Extracted records
○ ○ ○ ○
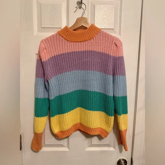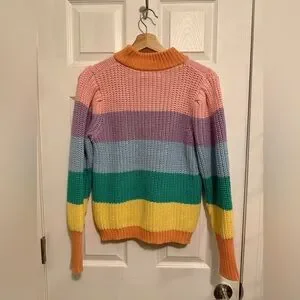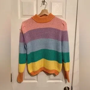 Stay cozy and stylish with this colorful striped sweater. Featuring vibrant shades of pink, purple, blue, green, yellow, and orange. No visible snags or pulls. Never worn.
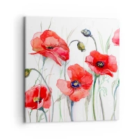 Glastavla - Bild på glas - Akvarell röd vallmo på vit bakgrund - 70x50cm - Polska blommor - Modern väggdekoration för vardagsrum och sovrum ARTTOR
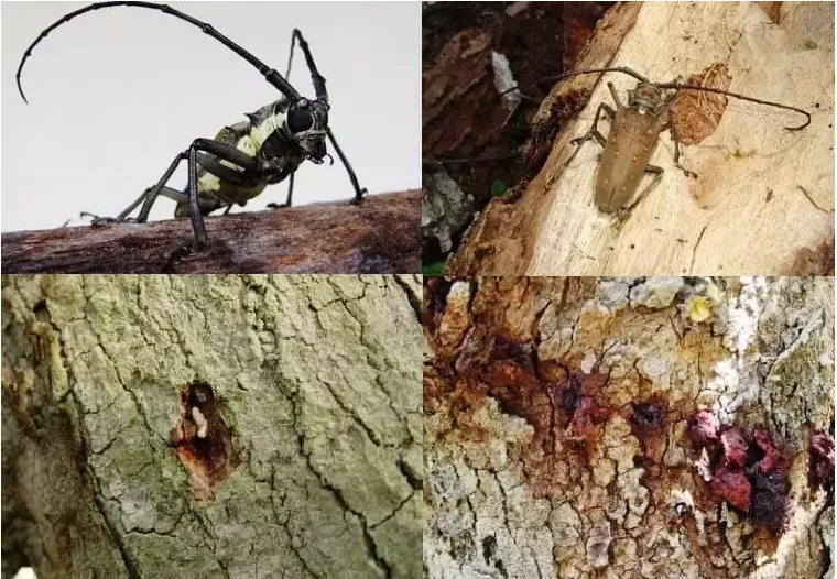 “ด้วงหนวดยาว” การระบาดของแมลงศัตรูชนิดนี้ เกิดขึ้นในลักษณะค่อย ๆ สะสมความรุนแรงแบบภัยมืด โดยชาวสวนไม่ทราบว่ามีการระบาดของศัตรูพืช เนื่องจากเป็นแมลงกลางคืนพฤติกรรมต่าง ๆ เกิดขึ้นในช่วงกลางคืนและส่วนใหญ่พบทำลาย “ทุเรียนพันธุ์หมอนทอง” ตัวเต็มวัย
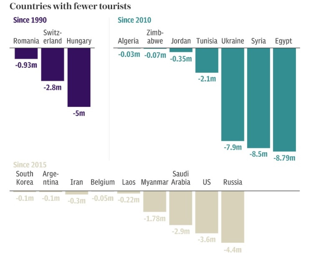 Riigid, kus turism on viimastel aastatel vähenenud, kannatavad kas sõja, rahutuste või terrorismi käes. Ukrainas, Tuneesias, Egiptuses ja Süürias toimunut teavad ilmselt kõik.
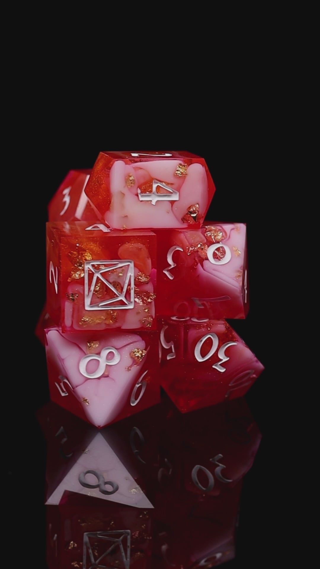 D6 has got KAZAD logo instead of nr 6. This set includes d4,d6,d8,d10,d%,d12,d20 and a certificate of authenticity.
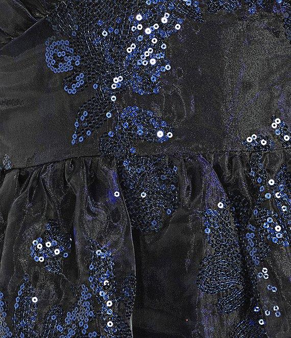 From Honey and Rosie, this dress features: Sequin embellished organza fabric V-neckline Puffed short sleeves Fit-and-flare silhouette 28 1/4" length Pull-on styling Polyester organza; body full lined Machine wash/lay flat to dry Imported.
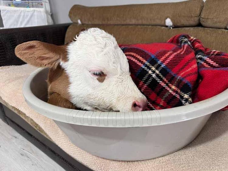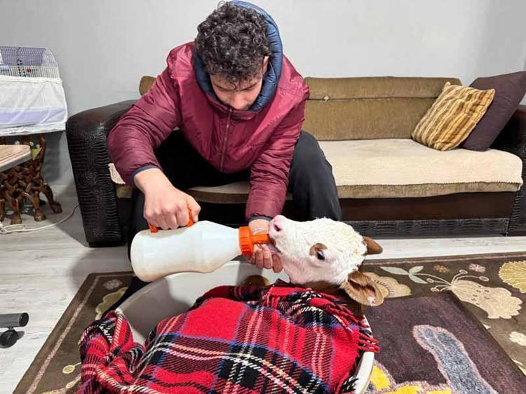 ‘Bayram’ ismini verdiği buzağıya üşümesin diye evde bakıyor
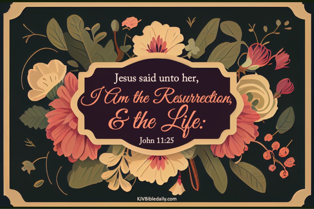 John 11:25 KJV Share this:Tweet Share on WhatsApp (Opens in new window) WhatsApp Print (Opens in new window) Print Share on Reddit (Opens in new window) Reddit Email a link to a friend (Opens in new window) Email Share on TumblrPocket Share on Telegram (Opens in new window) Telegram Like Loading... Related
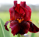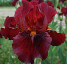 Шикарные крупные цветы бордово-красного оттенка с медно-желтой бородкой в основании нижних гофрированных лепестков. Диаметр соцветия 12-15 см.
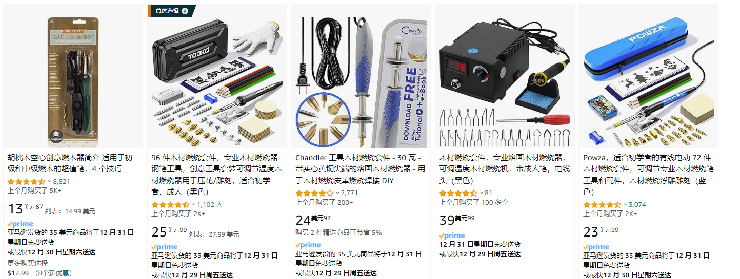 从单个木材燃烧笔、配备多款造型笔头到多样烙画模具套装,品类丰富,消费者根据需求选购,diy制作独一无二的手工艺品和礼物。海外用户在重大节日和举办派对都喜欢通过装饰和互赠礼物来庆祝,着重关注装饰diy工具,可能会发现下一个“爆品”商机。
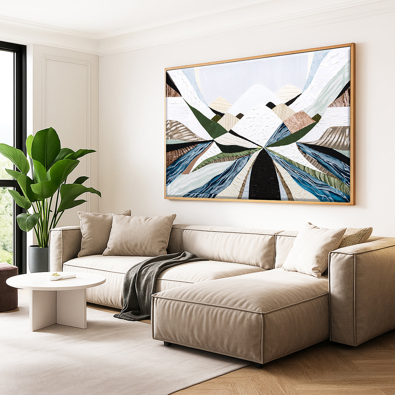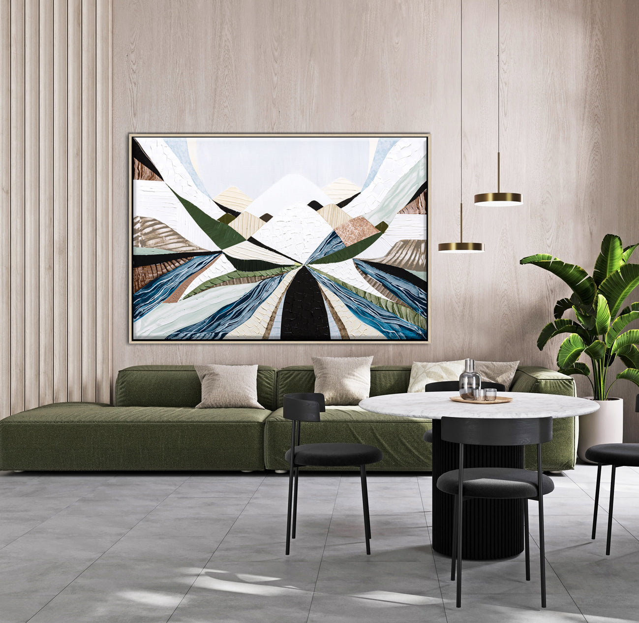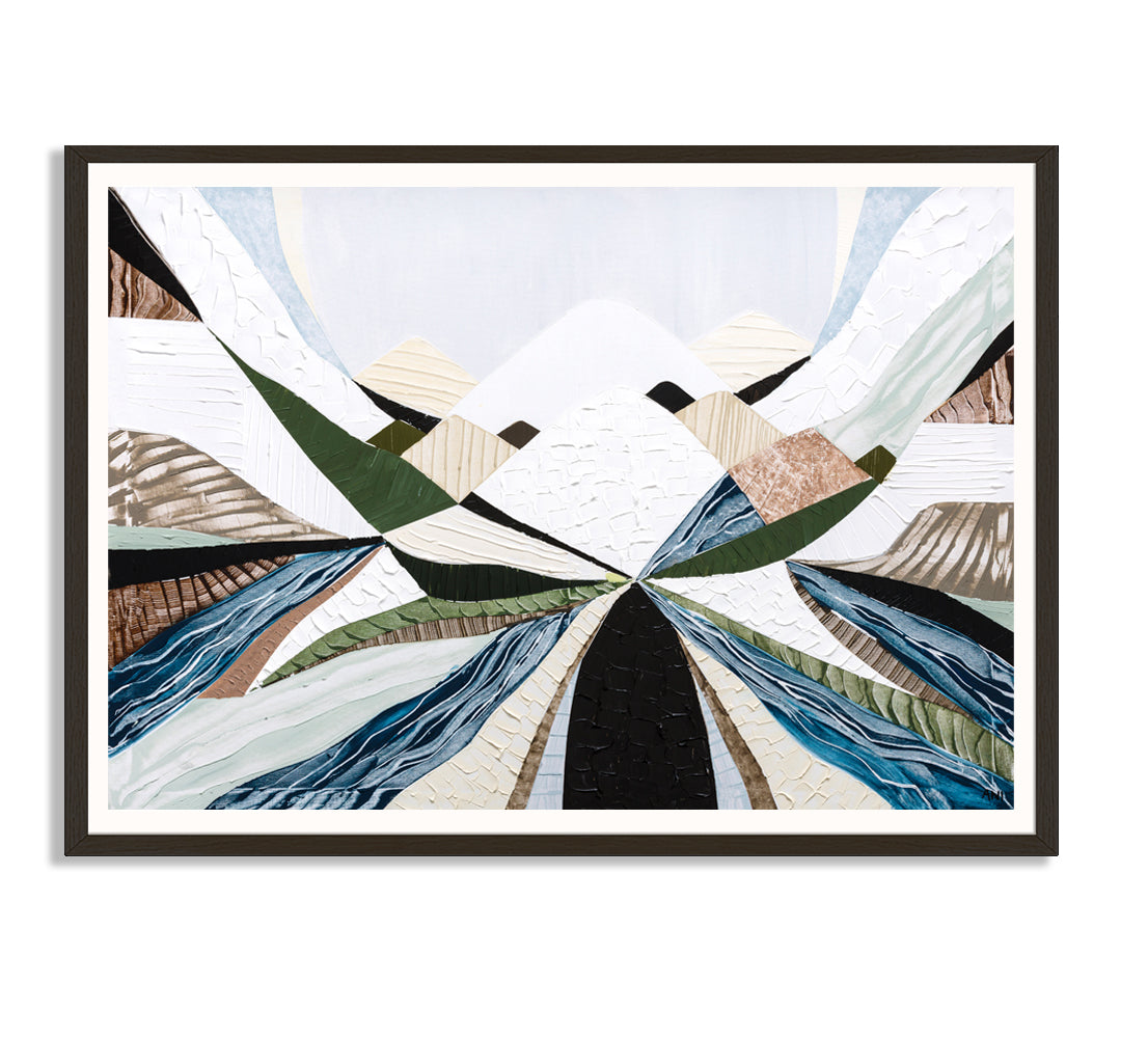 Celebrate the beauty and grandeur of Australia’s most iconic mountain range with Great Dividing Ranges—a striking abstract landscape print by Melbourne-based artist Ani Ipradjian. Spanning over 3,700km through Queensland, New South Wales, and Victoria, the Great Dividing Range is brought to life in earthy browns, calming sage greens, and rich layered textures that reflect the native bushland and diverse terrain.
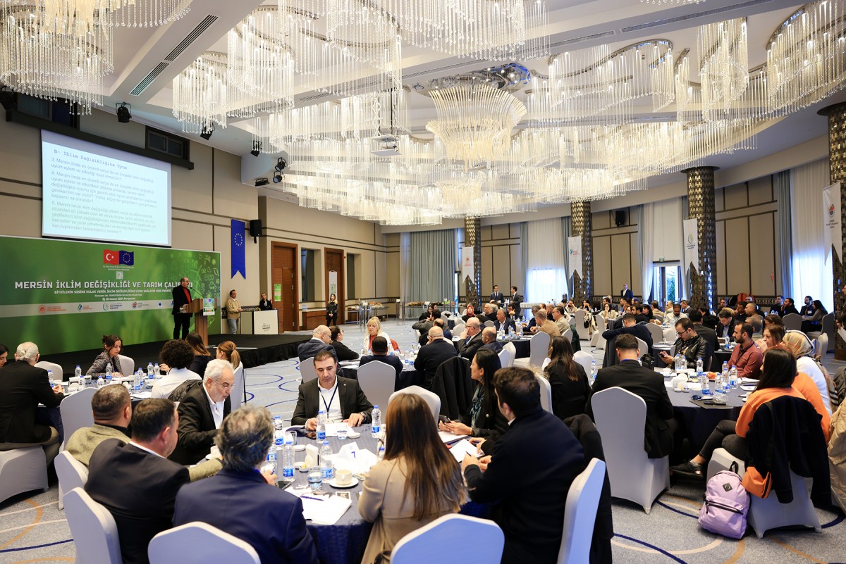 Avrupa Birliği ile Türkiye Cumhuriyeti tarafından finanse edilen Mersin Ticaret ve Sanayi Odası (MTSO) tarafından koordine edilen, Mersin Büyükşehir Belediyesi, Boğaziçi Üniversitesi ve Alata Bahçe Kültürleri Araştırma Enstitüsü Müdürlüğü ortaklığında yürütülen “Bitkilerin Sesine Kulak Verin, İklim Değişikliğine Uyum Sağlayın” isimli proje kapsamında “Mersin İklim Değişikliği ve Tarım Çalıştayı ” düzenlendi. İklim değişikliğinin başta Mersin ve bölgeye olan etkilerinin tartışıldığı Çalıştayda var olan ve gelişebilecek sorunlarla bu sorunlara çözüm önerilerinin bulunması hedeflendi. Küresel iklim krizinin sektöre getireceği olumsuzluklara çözüm hedefiyle Mersin tarımının geleceğini şekillendirecek eylem planına temel oluşturuldu. Bu çalıştayın çıktıları bölgede iklim değişikliğine uyumlu yeni ürün deseninin oluşturulmasına yönelik yapılan çalışmaya da altyapı oluşturacak. Çalıştaya MTSO Yönetim Kurulu Başkanı Hakan Sefa Çakır ve Yönetim Kurulu Başkan Yardımcısı Mustafa Özdamar’ın yanı sıra MTSO’nun ilgili Komite Üyeleri, kamu kurum ve kuruluş temsilcileri, tarım sektör paydaşları ve akademisyenler katıldı.
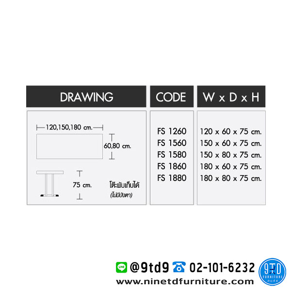 โต๊ะพับ/โต๊ะพับอเนกประสงค์ รุ่น FS-1880 ไม่มีบังตา
○ ○ ○ ○
:: TASK OBJECTIVE ::
Please print the span that begins at the line holding "Avrupa Birliği ile" and ends at the last line of the data, both ends included, with no pictures.

:: RESPONSE AREA ::
 Avrupa Birliği ile Türkiye Cumhuriyeti tarafından finanse edilen Mersin Ticaret ve Sanayi Odası (MTSO) tarafından koordine edilen, Mersin Büyükşehir Belediyesi, Boğaziçi Üniversitesi ve Alata Bahçe Kültürleri Araştırma Enstitüsü Müdürlüğü ortaklığında yürütülen “Bitkilerin Sesine Kulak Verin, İklim Değişikliğine Uyum Sağlayın” isimli proje kapsamında “Mersin İklim Değişikliği ve Tarım Çalıştayı ” düzenlendi. İklim değişikliğinin başta Mersin ve bölgeye olan etkilerinin tartışıldığı Çalıştayda var olan ve gelişebilecek sorunlarla bu sorunlara çözüm önerilerinin bulunması hedeflendi. Küresel iklim krizinin sektöre getireceği olumsuzluklara çözüm hedefiyle Mersin tarımının geleceğini şekillendirecek eylem planına temel oluşturuldu. Bu çalıştayın çıktıları bölgede iklim değişikliğine uyumlu yeni ürün deseninin oluşturulmasına yönelik yapılan çalışmaya da altyapı oluşturacak. Çalıştaya MTSO Yönetim Kurulu Başkanı Hakan Sefa Çakır ve Yönetim Kurulu Başkan Yardımcısı Mustafa Özdamar’ın yanı sıra MTSO’nun ilgili Komite Üyeleri, kamu kurum ve kuruluş temsilcileri, tarım sektör paydaşları ve akademisyenler katıldı.
 โต๊ะพับ/โต๊ะพับอเนกประสงค์ รุ่น FS-1880 ไม่มีบังตา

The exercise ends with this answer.